Activity:
From the listing below, output the lines between the one with "孝義市郝家寨村搬遷后的新房早" and the one with "[Detail of Madison", including those two, and nothing else. Pictures are not copied.

(Information shown)

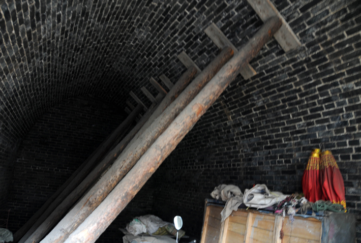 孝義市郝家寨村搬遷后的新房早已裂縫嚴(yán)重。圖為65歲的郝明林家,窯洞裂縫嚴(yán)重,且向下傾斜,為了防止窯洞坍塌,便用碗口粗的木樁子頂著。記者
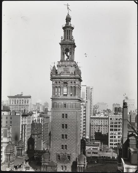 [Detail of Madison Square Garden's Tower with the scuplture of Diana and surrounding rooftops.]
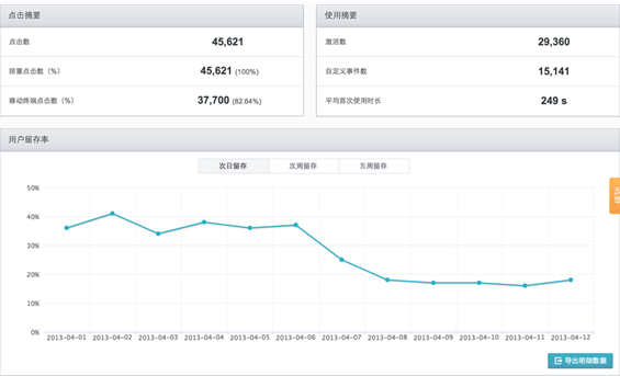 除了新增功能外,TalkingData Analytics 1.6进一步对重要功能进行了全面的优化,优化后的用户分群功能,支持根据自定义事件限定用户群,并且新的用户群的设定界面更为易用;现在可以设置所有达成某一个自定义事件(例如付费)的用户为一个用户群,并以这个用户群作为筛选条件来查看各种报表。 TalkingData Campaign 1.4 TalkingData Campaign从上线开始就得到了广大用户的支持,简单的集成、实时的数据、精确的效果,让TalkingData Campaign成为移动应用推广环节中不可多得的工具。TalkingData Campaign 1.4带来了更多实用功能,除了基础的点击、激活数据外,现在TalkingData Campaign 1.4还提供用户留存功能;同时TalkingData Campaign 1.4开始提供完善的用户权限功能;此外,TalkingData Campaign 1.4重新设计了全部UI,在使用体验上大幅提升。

(End Information shown)
(Information shown)

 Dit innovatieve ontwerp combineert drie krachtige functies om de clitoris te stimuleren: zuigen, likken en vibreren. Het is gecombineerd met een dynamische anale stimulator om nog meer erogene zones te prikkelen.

(End Information shown)

Reply:
 孝義市郝家寨村搬遷后的新房早已裂縫嚴(yán)重。圖為65歲的郝明林家,窯洞裂縫嚴(yán)重,且向下傾斜,為了防止窯洞坍塌,便用碗口粗的木樁子頂著。記者
 [Detail of Madison Square Garden's Tower with the scuplture of Diana and surrounding rooftops.]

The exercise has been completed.